YOUR TASK
Below are some records. Retype exactly the lines from the one containing "Correa de acero" through the one containing "Procraft LK20 Akku", both included, skipping every picture.

===============

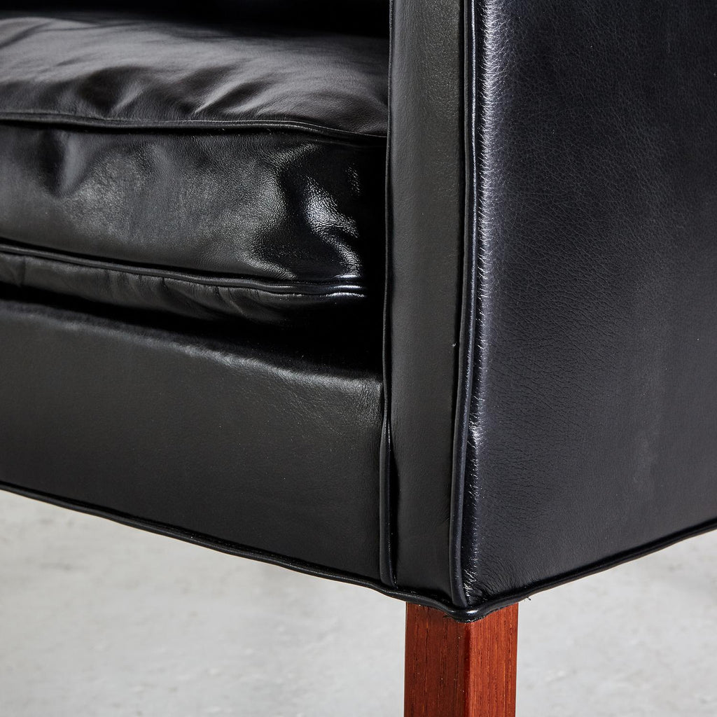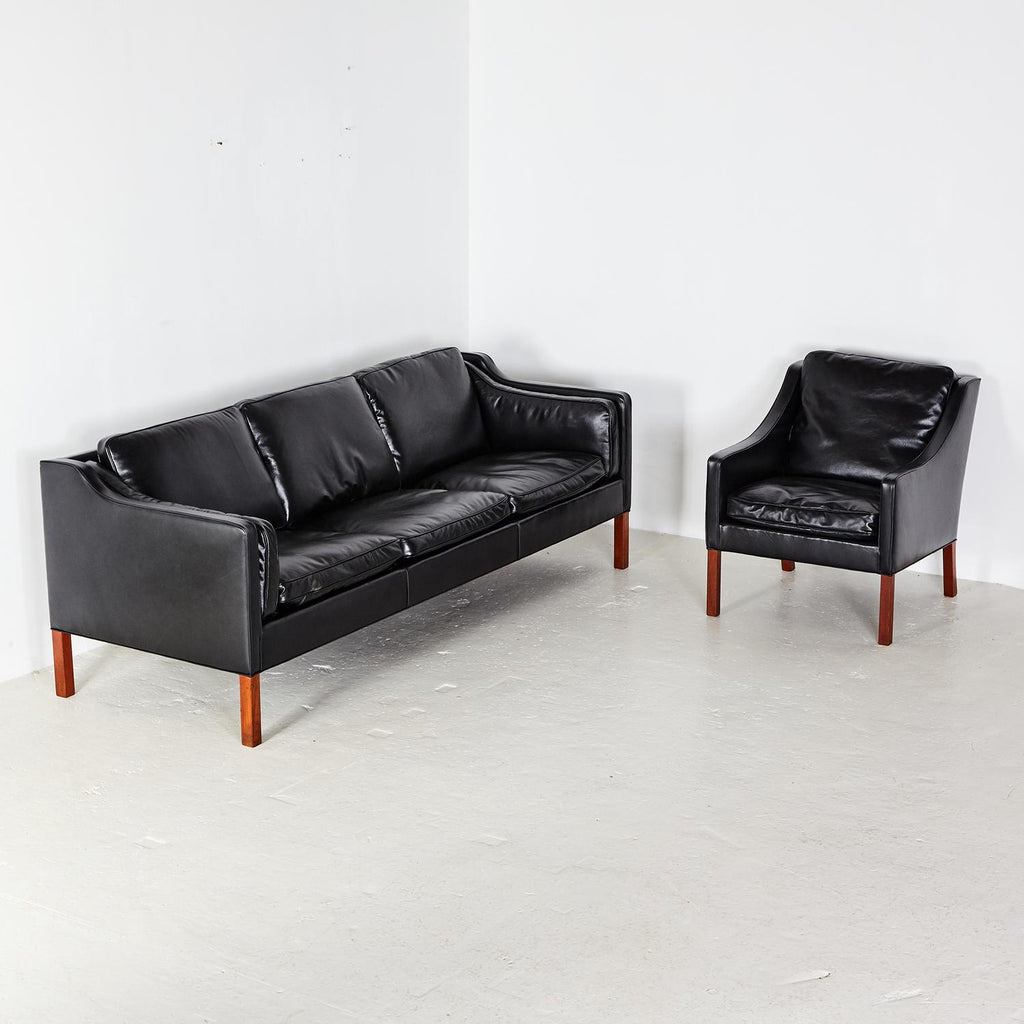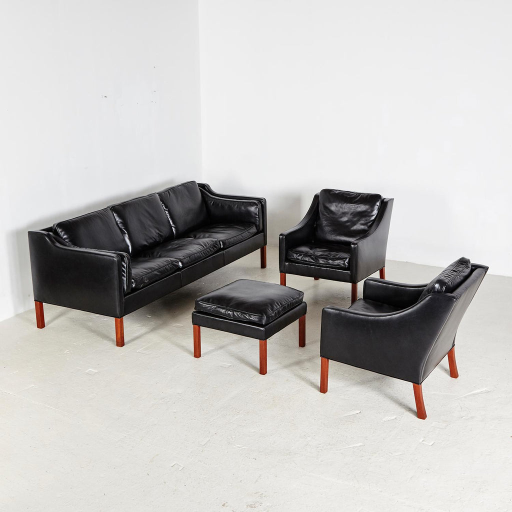Børge Mogensen 새로 덧씌워진 검정 가죽 3인용 소파와 발판이 있는 안락의자 2개, Fredericia Stolefabrik 덴마크 제작(1962)
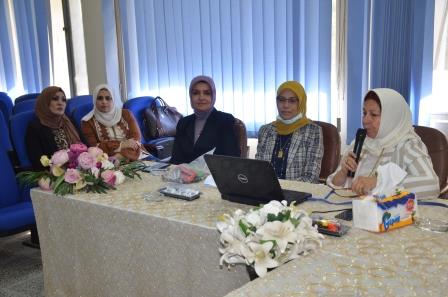 The symposium, which was presented by Prof. Dr. Najat Mohammed Rashid, Assist. Prof. Dr. Nada Mutair Abbas, Dr. Amal Abdul Hussein, and the lecturer Zeina Fadel Kazim, included the memorization of a number of Arab women who represent luminous symbols in the march of science and knowledge, especially in the field of pure & applied sciences, indicating that the difficulties and challenges have not been able to stop them, the lecturers shed light on the most important achievements and successes presented by Iraqi and Arab women in different fields and disciplines, while the lectures pointed to the importance of identifying the law of attraction to things and changing stereotypical thinking and the impact of positive energy and breaking the barriers that create negative energy and excessive thinking in a way that enhances women’s capabilities whether scientifically or culturally to prepare a generation able to achieve the goals that serve the Iraqi community.
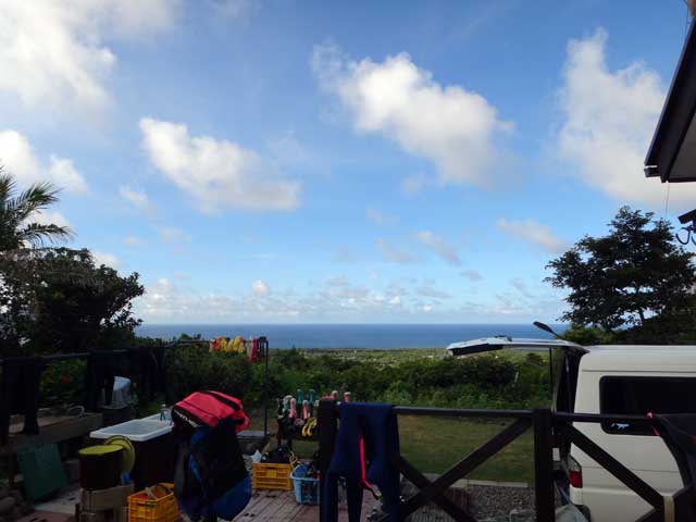 夜中に雨もパラついてはいたものの今日も夏の日差しが暑くなっており、北東側は凪いでいたので本日は底土で体験ダイビングとシュノーケリングです。
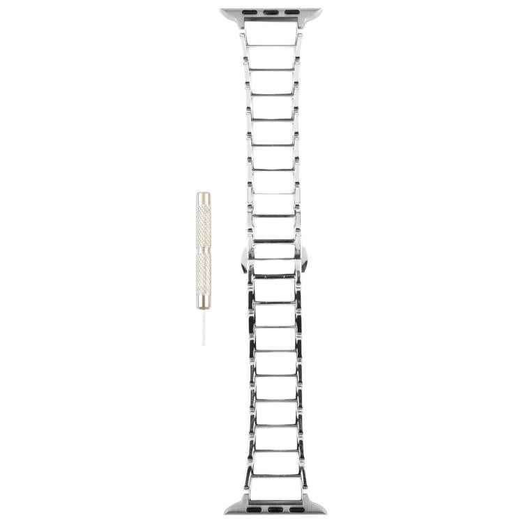 Correa de acero de 18 mm con tres cuentas de cerámica para Apple Watch de 46 mm, 49 mm, 45 mm y 44 mm (plata y blanca)
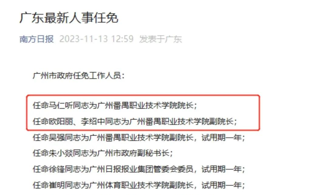 广州市政府最新人事任免情况公布:广州番禺职业技术学院(简称“番职”,下同)迎来新院长!
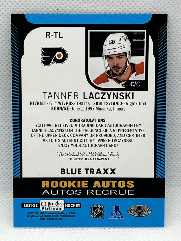TANNER LACZYNSKI 2021-22 O-Pee-Chee Platinum Blue Traxx Auto #R-TL
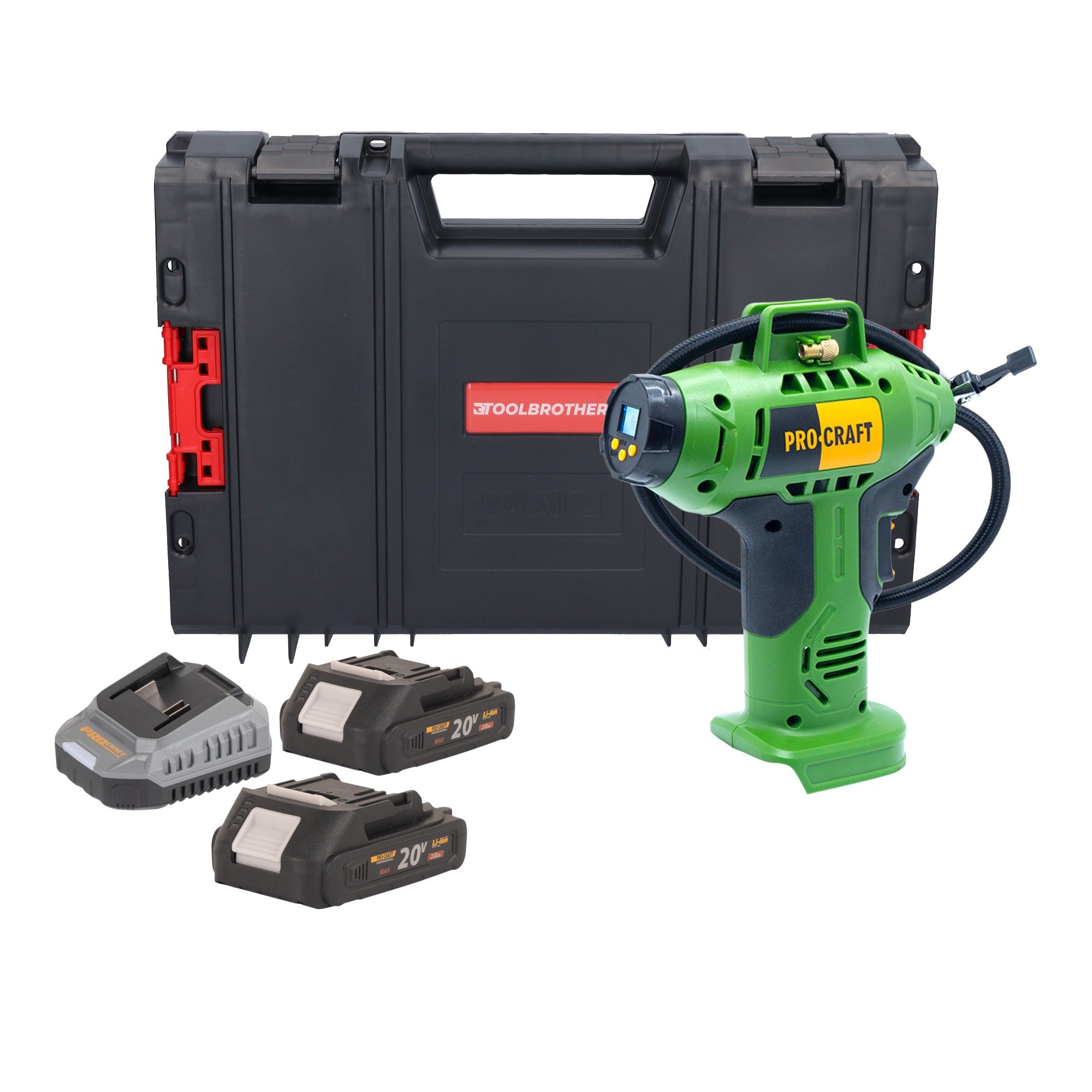 Procraft LK20 Akku Kompressor 20 V 11 bar + 2x Akku 2,0 Ah + Ladegerät + RHINO Toolcase
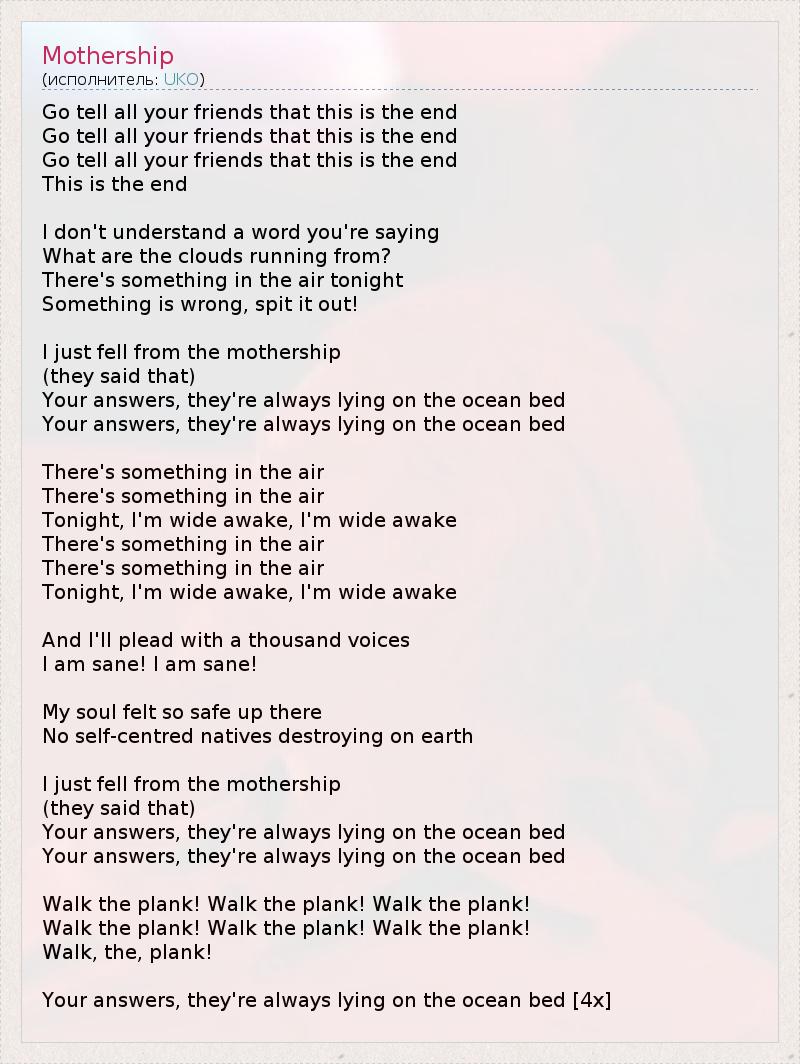 Go tell all your friends that this is the end Go tell all your friends that this is the end Go tell all your friends that this is the end This is the end I don't understand a word you're saying What are the clouds running from? There's something in the air tonight Something is wrong, spit it out! I just fell from the mothership (they said that) Your answers, they're always lying on the ocean bed Your answers, they're always lying on the ocean bed There's something in the air There's something in the air Tonight, I'm wide awake, I'm wide awake There's something in the air There's something in the air Tonight, I'm wide awake, I'm wide awake And I'll plead with a thousand voices I am sane! I am sane! My soul felt so safe up there No self-centred natives destroying on earth I just fell from the mothership (they said that) Your answers, they're always lying on the ocean bed Your answers, they're always lying on the ocean bed Walk the plank! Walk the plank! Walk the plank! Walk the plank! Walk the plank! Walk the plank! Walk, the, plank! Your answers, they're always lying on the ocean bed [4x]

===============

OUTPUT OF THE TASK
 Correa de acero de 18 mm con tres cuentas de cerámica para Apple Watch de 46 mm, 49 mm, 45 mm y 44 mm (plata y blanca)
 广州市政府最新人事任免情况公布:广州番禺职业技术学院(简称“番职”,下同)迎来新院长!
TANNER LACZYNSKI 2021-22 O-Pee-Chee Platinum Blue Traxx Auto #R-TL
 Procraft LK20 Akku Kompressor 20 V 11 bar + 2x Akku 2,0 Ah + Ladegerät + RHINO Toolcase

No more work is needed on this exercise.